Their adaptability, versatility and ruggedness makes them the perfect commuter bike, an ideal light touring or audax bike, a great winter training bike, or simply one bike that can tackle any sort of terrain you care to take it along. If ever there was a case for the one perfect bike for the British non-racing cyclist, then an adventure bike is probably it.
The US gravel racing scene hasn’t been much emulated in the UK yet, but the style of bike has piqued the interest of British cyclists. The idea of the bigger tyres and relaxed geometry that promotes extra comfort when the going gets rough and bumpy is very attractive given the generally poor state of repair of UK roads. Let's be honest, in many places they're almost gravel anyway.

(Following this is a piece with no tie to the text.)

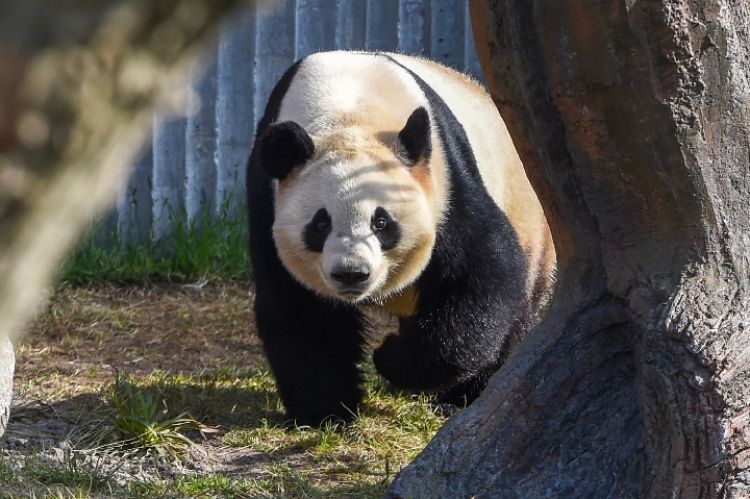 這是4月10日在丹麥哥本哈根動物園熊貓館拍攝的大熊貓“星二”。(新華社記者 郭晨 攝)

They can be ridden anywhere, these bikes, on the road and off it. The idea of adventure (or allroad, roadplus and enduroad as some people are calling this style of bike) is also finding fans, with the ability to dart down a bridleway or over the plain or along a fireroad to mix up a regular road ride appealing to cyclists keen to get away from the congested streets and into the wide open countryside.

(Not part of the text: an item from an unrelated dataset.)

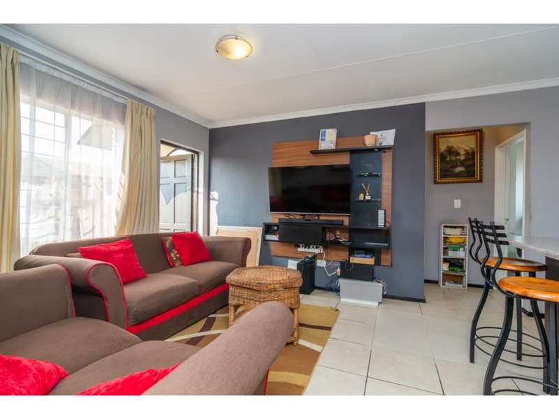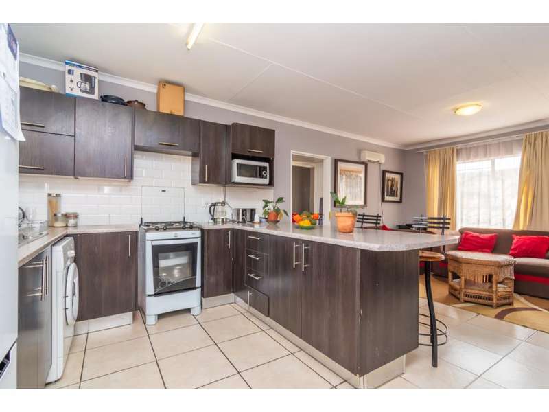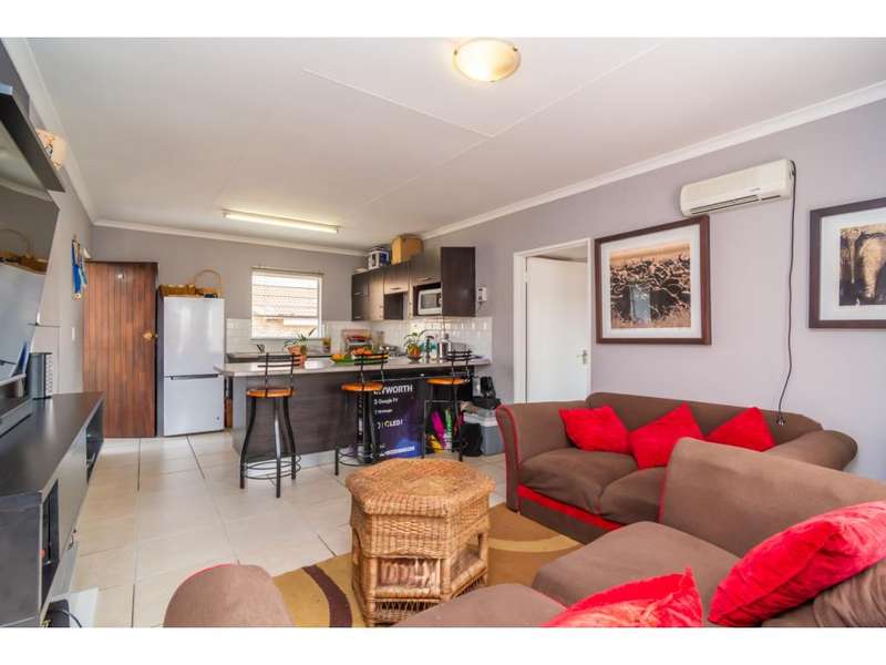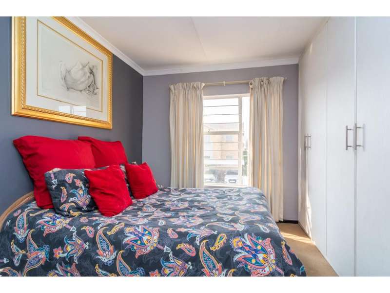Discover this inviting property featuring a spacious master bedroom with a full en-suite bathroom, large windows, and built-in cupboards. The second bedroom also boasts ample natural light from its large windows and includes built-in cupboards for convenient storage. The complex offers a well-designed covered parking spot close to the unit, along with additional visitor parking conveniently located right next to the stairs leading up to the flat. A single flight of stairs brings you to a shared landing between just two flats. Upon entering, you'll be welcomed into an open-plan kitchen and lounge area, with a spacious breakfast nook that separates the two spaces and provides ample storage. The lounge opens onto a charming balcony, that has a direct view of the properties main entrance and your covered parking. The master bedroom features a full bathroom, while the guest bathroom offers a bathtub and toilet for added convenance.

Of course, the idea of riding a road bike across any sort of terrain, be it smoothly paved roads or rough and bumpy gravel tracks, woodland trails laced with roots or edge-of-field bridleways, is nothing new really. Road cyclists have been doing it since the dawn of the bicycle. How do you think cyclo-cross was invented? Gravel and adventure bikes, though, are better suited to the demands of on and off-road riding. They split the difference between an endurance road bike and a cyclo-cross bike, with space for bigger tyres than an endurance bike and geometry better suited to road riding than a cyclo-cross bike.